• _What the task asks_: Write every record below out exactly; no images.

═══ Data in this exercise ═══

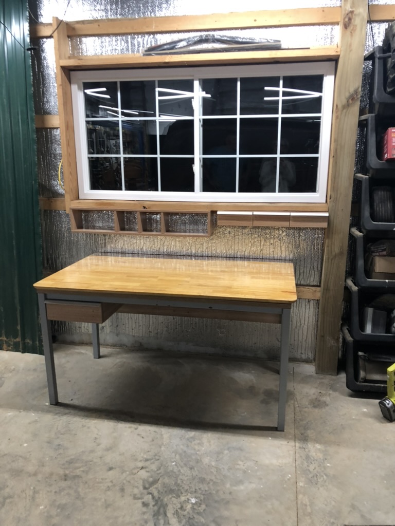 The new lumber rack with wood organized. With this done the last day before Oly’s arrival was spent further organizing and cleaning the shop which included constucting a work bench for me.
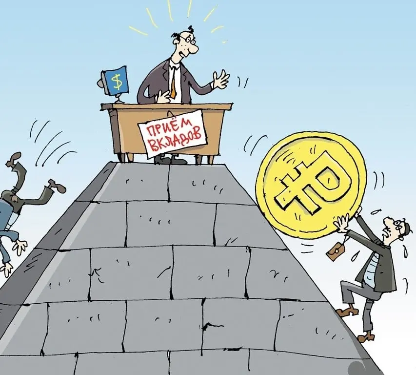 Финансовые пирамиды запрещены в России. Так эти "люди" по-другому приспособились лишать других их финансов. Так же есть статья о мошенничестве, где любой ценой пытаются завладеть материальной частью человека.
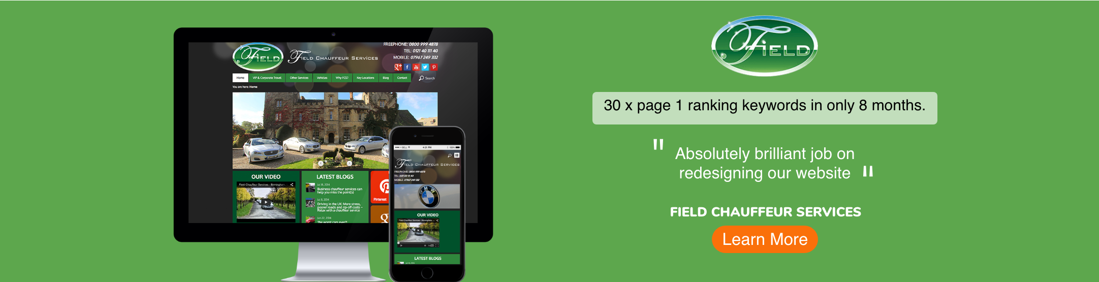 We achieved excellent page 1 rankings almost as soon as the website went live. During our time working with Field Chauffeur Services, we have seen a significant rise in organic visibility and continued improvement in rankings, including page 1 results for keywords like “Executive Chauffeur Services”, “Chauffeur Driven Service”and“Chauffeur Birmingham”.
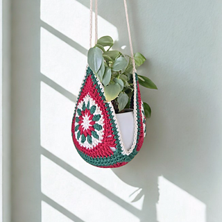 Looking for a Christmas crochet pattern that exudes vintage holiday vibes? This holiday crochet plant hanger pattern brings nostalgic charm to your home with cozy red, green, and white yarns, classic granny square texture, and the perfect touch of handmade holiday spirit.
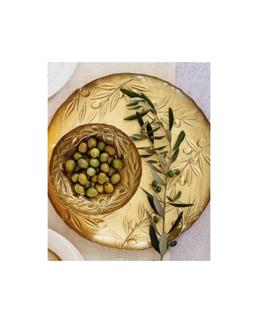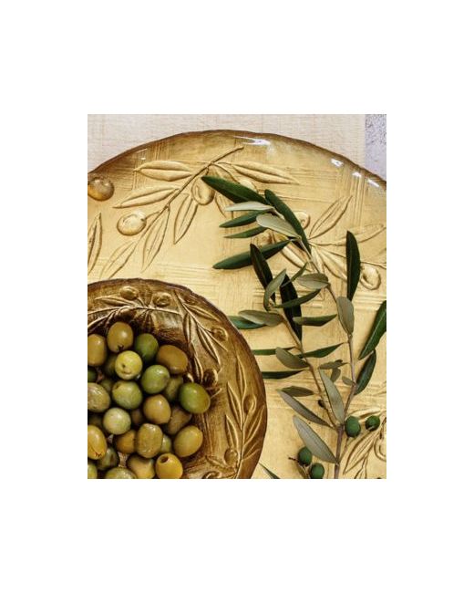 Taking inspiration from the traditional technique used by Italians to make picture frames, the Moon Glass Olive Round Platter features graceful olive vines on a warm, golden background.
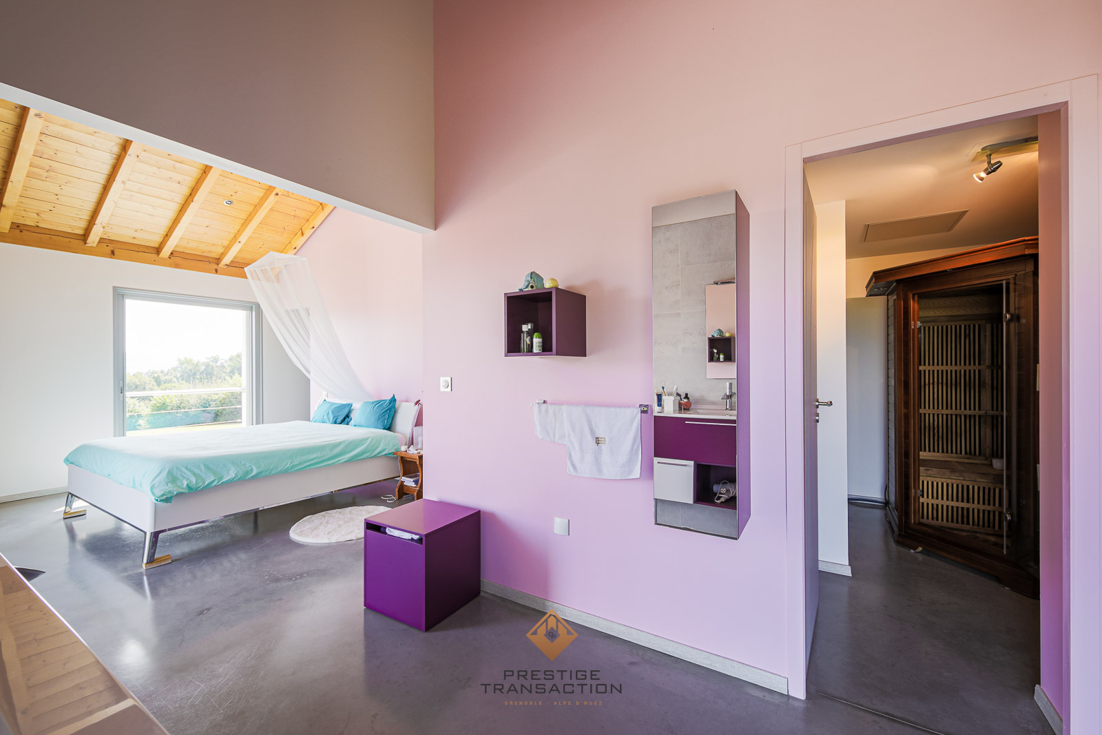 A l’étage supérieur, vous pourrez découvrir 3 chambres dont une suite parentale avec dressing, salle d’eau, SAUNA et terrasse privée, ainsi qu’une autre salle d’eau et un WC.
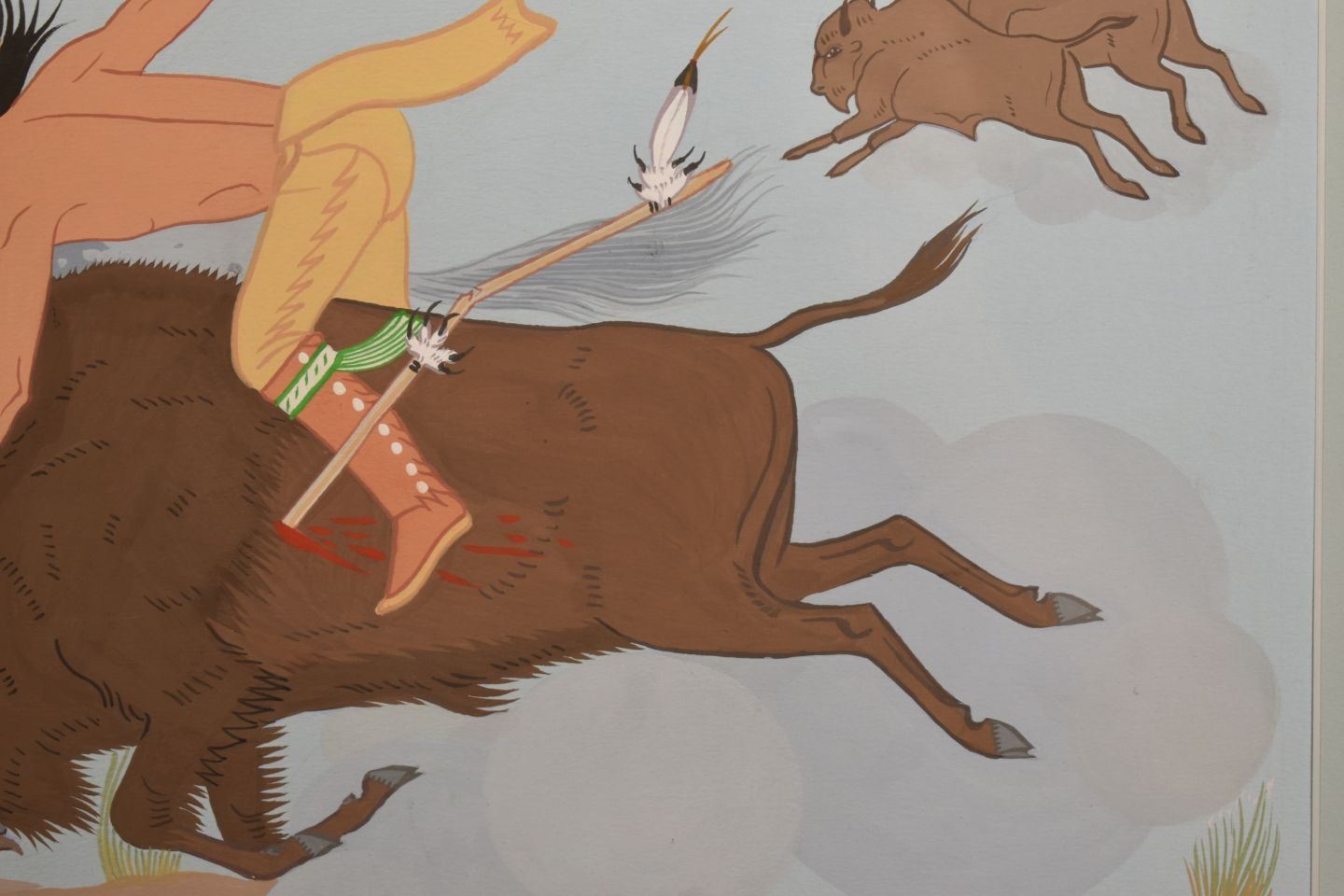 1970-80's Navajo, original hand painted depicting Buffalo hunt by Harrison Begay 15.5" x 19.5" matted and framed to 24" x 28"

═══

• _Output of the task_:
 The new lumber rack with wood organized. With this done the last day before Oly’s arrival was spent further organizing and cleaning the shop which included constucting a work bench for me.
 Финансовые пирамиды запрещены в России. Так эти "люди" по-другому приспособились лишать других их финансов. Так же есть статья о мошенничестве, где любой ценой пытаются завладеть материальной частью человека.
 We achieved excellent page 1 rankings almost as soon as the website went live. During our time working with Field Chauffeur Services, we have seen a significant rise in organic visibility and continued improvement in rankings, including page 1 results for keywords like “Executive Chauffeur Services”, “Chauffeur Driven Service”and“Chauffeur Birmingham”.
 Looking for a Christmas crochet pattern that exudes vintage holiday vibes? This holiday crochet plant hanger pattern brings nostalgic charm to your home with cozy red, green, and white yarns, classic granny square texture, and the perfect touch of handmade holiday spirit.
 Taking inspiration from the traditional technique used by Italians to make picture frames, the Moon Glass Olive Round Platter features graceful olive vines on a warm, golden background.
 A l’étage supérieur, vous pourrez découvrir 3 chambres dont une suite parentale avec dressing, salle d’eau, SAUNA et terrasse privée, ainsi qu’une autre salle d’eau et un WC.
 1970-80's Navajo, original hand painted depicting Buffalo hunt by Harrison Begay 15.5" x 19.5" matted and framed to 24" x 28"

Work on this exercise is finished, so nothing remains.